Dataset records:

________________

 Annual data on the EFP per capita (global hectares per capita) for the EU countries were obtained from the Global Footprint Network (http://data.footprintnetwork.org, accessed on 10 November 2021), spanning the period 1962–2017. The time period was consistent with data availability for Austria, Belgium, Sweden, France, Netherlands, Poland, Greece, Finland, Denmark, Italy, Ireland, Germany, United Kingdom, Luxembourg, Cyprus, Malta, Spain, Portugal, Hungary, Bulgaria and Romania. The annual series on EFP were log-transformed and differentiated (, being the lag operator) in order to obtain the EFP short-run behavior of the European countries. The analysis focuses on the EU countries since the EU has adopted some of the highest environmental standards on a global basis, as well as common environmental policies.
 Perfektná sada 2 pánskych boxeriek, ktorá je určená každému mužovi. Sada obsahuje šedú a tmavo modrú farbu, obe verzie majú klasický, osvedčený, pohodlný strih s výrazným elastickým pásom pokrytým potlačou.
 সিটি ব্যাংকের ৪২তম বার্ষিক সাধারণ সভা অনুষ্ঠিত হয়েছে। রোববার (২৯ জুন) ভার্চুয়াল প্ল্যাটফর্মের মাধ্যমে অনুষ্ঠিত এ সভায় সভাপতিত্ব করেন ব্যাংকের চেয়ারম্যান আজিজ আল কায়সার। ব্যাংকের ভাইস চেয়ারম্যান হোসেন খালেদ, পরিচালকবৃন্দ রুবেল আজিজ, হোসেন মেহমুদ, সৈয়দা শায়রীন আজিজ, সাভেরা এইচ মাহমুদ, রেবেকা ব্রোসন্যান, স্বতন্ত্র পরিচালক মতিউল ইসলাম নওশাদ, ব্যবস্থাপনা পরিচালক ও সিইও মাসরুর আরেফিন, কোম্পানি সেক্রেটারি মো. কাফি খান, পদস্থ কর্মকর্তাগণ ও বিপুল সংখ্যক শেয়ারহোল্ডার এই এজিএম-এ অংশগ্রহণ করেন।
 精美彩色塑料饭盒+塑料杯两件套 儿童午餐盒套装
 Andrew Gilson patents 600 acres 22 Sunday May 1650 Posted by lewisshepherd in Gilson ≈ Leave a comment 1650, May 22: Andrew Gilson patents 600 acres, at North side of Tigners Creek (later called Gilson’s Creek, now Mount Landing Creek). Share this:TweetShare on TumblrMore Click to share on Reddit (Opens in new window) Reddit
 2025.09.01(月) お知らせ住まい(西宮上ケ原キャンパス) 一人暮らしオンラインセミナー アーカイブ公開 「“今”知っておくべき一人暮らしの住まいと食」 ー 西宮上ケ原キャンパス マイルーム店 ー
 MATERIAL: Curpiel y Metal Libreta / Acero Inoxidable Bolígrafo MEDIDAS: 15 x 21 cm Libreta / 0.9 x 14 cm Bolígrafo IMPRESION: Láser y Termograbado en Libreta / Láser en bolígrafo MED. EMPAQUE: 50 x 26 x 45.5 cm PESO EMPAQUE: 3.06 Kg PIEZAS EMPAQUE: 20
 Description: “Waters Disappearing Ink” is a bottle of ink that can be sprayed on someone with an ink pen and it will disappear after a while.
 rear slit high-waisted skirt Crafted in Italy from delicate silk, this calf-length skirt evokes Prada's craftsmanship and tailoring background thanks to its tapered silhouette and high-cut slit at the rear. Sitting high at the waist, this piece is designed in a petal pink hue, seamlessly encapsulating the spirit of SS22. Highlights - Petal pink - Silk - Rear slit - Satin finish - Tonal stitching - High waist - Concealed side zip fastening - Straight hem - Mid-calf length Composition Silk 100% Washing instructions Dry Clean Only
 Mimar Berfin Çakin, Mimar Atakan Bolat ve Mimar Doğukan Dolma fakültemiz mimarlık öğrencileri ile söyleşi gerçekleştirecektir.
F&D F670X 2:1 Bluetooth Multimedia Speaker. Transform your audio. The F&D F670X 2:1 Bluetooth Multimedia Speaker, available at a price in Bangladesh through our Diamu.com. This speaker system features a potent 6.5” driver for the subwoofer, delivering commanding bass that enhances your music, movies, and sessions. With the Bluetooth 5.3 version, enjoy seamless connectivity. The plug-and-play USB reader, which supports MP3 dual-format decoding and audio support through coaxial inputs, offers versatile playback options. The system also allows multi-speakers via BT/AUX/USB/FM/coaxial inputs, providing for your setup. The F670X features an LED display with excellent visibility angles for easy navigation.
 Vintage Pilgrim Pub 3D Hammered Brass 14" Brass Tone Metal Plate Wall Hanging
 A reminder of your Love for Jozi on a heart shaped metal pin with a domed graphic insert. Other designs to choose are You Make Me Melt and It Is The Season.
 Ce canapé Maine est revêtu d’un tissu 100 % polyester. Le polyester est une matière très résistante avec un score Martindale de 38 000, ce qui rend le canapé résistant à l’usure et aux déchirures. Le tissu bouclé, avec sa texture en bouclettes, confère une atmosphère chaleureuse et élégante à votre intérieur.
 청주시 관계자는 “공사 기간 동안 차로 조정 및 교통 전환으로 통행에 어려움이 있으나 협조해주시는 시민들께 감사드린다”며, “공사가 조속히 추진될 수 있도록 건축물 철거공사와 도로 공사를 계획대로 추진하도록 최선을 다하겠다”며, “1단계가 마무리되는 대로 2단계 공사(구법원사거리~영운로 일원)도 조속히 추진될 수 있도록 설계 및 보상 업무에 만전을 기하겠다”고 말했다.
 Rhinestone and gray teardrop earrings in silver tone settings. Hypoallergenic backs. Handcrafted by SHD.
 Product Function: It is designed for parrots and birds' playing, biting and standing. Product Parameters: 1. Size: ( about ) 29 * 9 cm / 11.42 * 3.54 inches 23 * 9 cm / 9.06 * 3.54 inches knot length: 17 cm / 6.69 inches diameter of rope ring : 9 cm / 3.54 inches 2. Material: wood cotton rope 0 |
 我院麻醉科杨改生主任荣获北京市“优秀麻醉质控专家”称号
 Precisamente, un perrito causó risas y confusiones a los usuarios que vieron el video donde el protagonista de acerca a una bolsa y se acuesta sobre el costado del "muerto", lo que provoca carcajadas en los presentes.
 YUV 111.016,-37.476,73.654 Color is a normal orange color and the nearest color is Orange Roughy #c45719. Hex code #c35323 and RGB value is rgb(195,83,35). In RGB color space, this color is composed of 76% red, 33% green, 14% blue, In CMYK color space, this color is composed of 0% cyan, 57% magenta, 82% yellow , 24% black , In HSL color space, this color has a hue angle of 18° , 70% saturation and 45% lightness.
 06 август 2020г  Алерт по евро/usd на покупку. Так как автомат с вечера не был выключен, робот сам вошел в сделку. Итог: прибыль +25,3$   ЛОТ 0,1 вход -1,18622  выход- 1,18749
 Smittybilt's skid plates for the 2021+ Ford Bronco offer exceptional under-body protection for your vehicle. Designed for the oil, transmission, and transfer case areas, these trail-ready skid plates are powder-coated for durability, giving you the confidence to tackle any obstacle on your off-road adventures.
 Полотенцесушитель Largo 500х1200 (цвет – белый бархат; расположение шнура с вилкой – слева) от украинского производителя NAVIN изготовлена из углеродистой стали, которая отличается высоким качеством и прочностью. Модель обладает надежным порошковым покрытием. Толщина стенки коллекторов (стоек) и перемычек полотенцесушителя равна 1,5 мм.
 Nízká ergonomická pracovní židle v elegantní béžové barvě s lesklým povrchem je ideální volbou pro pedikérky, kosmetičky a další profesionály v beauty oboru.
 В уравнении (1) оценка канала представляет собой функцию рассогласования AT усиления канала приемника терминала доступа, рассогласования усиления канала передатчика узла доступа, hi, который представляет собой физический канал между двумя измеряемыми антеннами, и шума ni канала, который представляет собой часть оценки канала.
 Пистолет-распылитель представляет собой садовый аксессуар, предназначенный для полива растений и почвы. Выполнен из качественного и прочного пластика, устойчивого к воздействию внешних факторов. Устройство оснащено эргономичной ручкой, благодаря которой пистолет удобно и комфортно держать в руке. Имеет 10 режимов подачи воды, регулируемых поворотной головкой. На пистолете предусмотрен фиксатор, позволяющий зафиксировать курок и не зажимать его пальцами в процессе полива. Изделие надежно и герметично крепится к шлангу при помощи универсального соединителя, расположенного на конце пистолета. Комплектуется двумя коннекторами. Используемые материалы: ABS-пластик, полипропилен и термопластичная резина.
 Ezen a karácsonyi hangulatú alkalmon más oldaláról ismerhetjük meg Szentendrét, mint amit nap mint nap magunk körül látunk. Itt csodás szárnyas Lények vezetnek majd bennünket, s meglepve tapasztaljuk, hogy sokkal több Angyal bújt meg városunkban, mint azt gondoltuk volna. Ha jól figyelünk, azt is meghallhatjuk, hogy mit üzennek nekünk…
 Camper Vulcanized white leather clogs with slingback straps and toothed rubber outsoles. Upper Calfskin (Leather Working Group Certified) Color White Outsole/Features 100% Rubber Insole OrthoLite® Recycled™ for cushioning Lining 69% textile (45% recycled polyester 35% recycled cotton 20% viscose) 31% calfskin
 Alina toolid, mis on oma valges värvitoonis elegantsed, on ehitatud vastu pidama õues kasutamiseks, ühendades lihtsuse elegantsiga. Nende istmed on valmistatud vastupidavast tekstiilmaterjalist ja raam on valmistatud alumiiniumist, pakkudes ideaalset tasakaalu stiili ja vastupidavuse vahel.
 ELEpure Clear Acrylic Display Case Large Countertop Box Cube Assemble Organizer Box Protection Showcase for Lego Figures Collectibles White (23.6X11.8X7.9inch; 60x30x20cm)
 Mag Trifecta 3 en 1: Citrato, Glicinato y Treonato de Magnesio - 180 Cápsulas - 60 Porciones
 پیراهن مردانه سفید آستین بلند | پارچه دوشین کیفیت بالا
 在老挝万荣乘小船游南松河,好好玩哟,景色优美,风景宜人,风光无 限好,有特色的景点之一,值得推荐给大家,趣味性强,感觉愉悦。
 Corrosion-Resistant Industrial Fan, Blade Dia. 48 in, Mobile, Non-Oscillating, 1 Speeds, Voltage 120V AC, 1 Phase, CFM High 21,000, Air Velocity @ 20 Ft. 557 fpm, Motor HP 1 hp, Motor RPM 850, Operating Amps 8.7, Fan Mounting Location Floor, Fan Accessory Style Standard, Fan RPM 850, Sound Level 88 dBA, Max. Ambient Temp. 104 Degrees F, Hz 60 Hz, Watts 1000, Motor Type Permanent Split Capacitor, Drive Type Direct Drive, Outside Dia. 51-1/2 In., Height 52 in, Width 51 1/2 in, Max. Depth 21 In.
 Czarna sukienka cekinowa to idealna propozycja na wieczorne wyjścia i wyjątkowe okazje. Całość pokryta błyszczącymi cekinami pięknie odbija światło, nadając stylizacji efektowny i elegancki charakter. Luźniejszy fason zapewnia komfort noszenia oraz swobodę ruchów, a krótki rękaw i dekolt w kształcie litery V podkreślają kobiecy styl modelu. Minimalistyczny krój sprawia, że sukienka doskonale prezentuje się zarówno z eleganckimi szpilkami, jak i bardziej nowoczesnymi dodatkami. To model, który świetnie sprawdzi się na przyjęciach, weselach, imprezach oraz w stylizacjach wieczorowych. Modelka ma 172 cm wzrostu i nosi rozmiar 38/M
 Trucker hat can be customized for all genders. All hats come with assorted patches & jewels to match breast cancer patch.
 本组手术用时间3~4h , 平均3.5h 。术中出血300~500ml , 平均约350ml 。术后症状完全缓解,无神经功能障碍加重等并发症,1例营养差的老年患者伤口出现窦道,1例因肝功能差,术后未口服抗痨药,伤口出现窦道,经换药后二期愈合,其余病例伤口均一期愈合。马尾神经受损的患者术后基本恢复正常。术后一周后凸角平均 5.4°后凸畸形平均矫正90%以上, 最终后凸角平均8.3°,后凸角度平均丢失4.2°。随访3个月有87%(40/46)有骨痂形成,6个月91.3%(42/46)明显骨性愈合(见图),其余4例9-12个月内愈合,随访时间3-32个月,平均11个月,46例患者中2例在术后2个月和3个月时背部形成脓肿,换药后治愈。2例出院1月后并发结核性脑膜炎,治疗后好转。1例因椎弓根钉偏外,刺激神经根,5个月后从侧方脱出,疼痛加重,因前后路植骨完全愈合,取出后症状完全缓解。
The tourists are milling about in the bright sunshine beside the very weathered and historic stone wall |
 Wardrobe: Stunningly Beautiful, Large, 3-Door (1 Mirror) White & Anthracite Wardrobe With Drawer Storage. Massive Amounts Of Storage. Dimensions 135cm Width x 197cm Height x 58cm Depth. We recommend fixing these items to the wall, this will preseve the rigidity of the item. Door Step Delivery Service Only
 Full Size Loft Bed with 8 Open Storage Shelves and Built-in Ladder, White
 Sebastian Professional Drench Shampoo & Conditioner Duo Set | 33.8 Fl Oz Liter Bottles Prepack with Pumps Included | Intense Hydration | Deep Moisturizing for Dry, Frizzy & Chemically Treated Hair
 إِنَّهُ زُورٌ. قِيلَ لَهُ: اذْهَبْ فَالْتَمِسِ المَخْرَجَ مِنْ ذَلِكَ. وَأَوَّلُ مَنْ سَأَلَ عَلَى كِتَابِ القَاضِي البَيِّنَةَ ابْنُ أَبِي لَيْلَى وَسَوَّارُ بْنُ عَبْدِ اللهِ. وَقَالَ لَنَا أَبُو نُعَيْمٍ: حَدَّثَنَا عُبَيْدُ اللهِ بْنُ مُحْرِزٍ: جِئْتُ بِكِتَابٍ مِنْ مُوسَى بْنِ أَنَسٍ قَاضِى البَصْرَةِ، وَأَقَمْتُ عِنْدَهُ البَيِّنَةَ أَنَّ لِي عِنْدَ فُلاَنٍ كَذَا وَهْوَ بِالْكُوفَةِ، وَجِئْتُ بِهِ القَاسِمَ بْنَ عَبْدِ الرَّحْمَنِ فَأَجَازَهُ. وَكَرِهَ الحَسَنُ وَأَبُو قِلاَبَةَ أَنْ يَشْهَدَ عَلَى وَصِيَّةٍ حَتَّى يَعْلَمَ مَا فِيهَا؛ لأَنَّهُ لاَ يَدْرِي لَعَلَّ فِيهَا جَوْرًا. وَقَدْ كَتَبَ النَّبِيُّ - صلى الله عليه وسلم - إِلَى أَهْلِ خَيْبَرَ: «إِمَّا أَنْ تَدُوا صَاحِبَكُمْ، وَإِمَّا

________________

▶ _Problem description_
Taking the entries above, write out exactly the lines starting with the line containing "Alina toolid, mis" and going on through the line containing "本组手术用时间3~4h , 平均3.5h", both included, and nothing else.

▶ _Answer space_
 Alina toolid, mis on oma valges värvitoonis elegantsed, on ehitatud vastu pidama õues kasutamiseks, ühendades lihtsuse elegantsiga. Nende istmed on valmistatud vastupidavast tekstiilmaterjalist ja raam on valmistatud alumiiniumist, pakkudes ideaalset tasakaalu stiili ja vastupidavuse vahel.
 ELEpure Clear Acrylic Display Case Large Countertop Box Cube Assemble Organizer Box Protection Showcase for Lego Figures Collectibles White (23.6X11.8X7.9inch; 60x30x20cm)
 Mag Trifecta 3 en 1: Citrato, Glicinato y Treonato de Magnesio - 180 Cápsulas - 60 Porciones
 پیراهن مردانه سفید آستین بلند | پارچه دوشین کیفیت بالا
 在老挝万荣乘小船游南松河,好好玩哟,景色优美,风景宜人,风光无 限好,有特色的景点之一,值得推荐给大家,趣味性强,感觉愉悦。
 Corrosion-Resistant Industrial Fan, Blade Dia. 48 in, Mobile, Non-Oscillating, 1 Speeds, Voltage 120V AC, 1 Phase, CFM High 21,000, Air Velocity @ 20 Ft. 557 fpm, Motor HP 1 hp, Motor RPM 850, Operating Amps 8.7, Fan Mounting Location Floor, Fan Accessory Style Standard, Fan RPM 850, Sound Level 88 dBA, Max. Ambient Temp. 104 Degrees F, Hz 60 Hz, Watts 1000, Motor Type Permanent Split Capacitor, Drive Type Direct Drive, Outside Dia. 51-1/2 In., Height 52 in, Width 51 1/2 in, Max. Depth 21 In.
 Czarna sukienka cekinowa to idealna propozycja na wieczorne wyjścia i wyjątkowe okazje. Całość pokryta błyszczącymi cekinami pięknie odbija światło, nadając stylizacji efektowny i elegancki charakter. Luźniejszy fason zapewnia komfort noszenia oraz swobodę ruchów, a krótki rękaw i dekolt w kształcie litery V podkreślają kobiecy styl modelu. Minimalistyczny krój sprawia, że sukienka doskonale prezentuje się zarówno z eleganckimi szpilkami, jak i bardziej nowoczesnymi dodatkami. To model, który świetnie sprawdzi się na przyjęciach, weselach, imprezach oraz w stylizacjach wieczorowych. Modelka ma 172 cm wzrostu i nosi rozmiar 38/M
 Trucker hat can be customized for all genders. All hats come with assorted patches & jewels to match breast cancer patch.
 本组手术用时间3~4h , 平均3.5h 。术中出血300~500ml , 平均约350ml 。术后症状完全缓解,无神经功能障碍加重等并发症,1例营养差的老年患者伤口出现窦道,1例因肝功能差,术后未口服抗痨药,伤口出现窦道,经换药后二期愈合,其余病例伤口均一期愈合。马尾神经受损的患者术后基本恢复正常。术后一周后凸角平均 5.4°后凸畸形平均矫正90%以上, 最终后凸角平均8.3°,后凸角度平均丢失4.2°。随访3个月有87%(40/46)有骨痂形成,6个月91.3%(42/46)明显骨性愈合(见图),其余4例9-12个月内愈合,随访时间3-32个月,平均11个月,46例患者中2例在术后2个月和3个月时背部形成脓肿,换药后治愈。2例出院1月后并发结核性脑膜炎,治疗后好转。1例因椎弓根钉偏外,刺激神经根,5个月后从侧方脱出,疼痛加重,因前后路植骨完全愈合,取出后症状完全缓解。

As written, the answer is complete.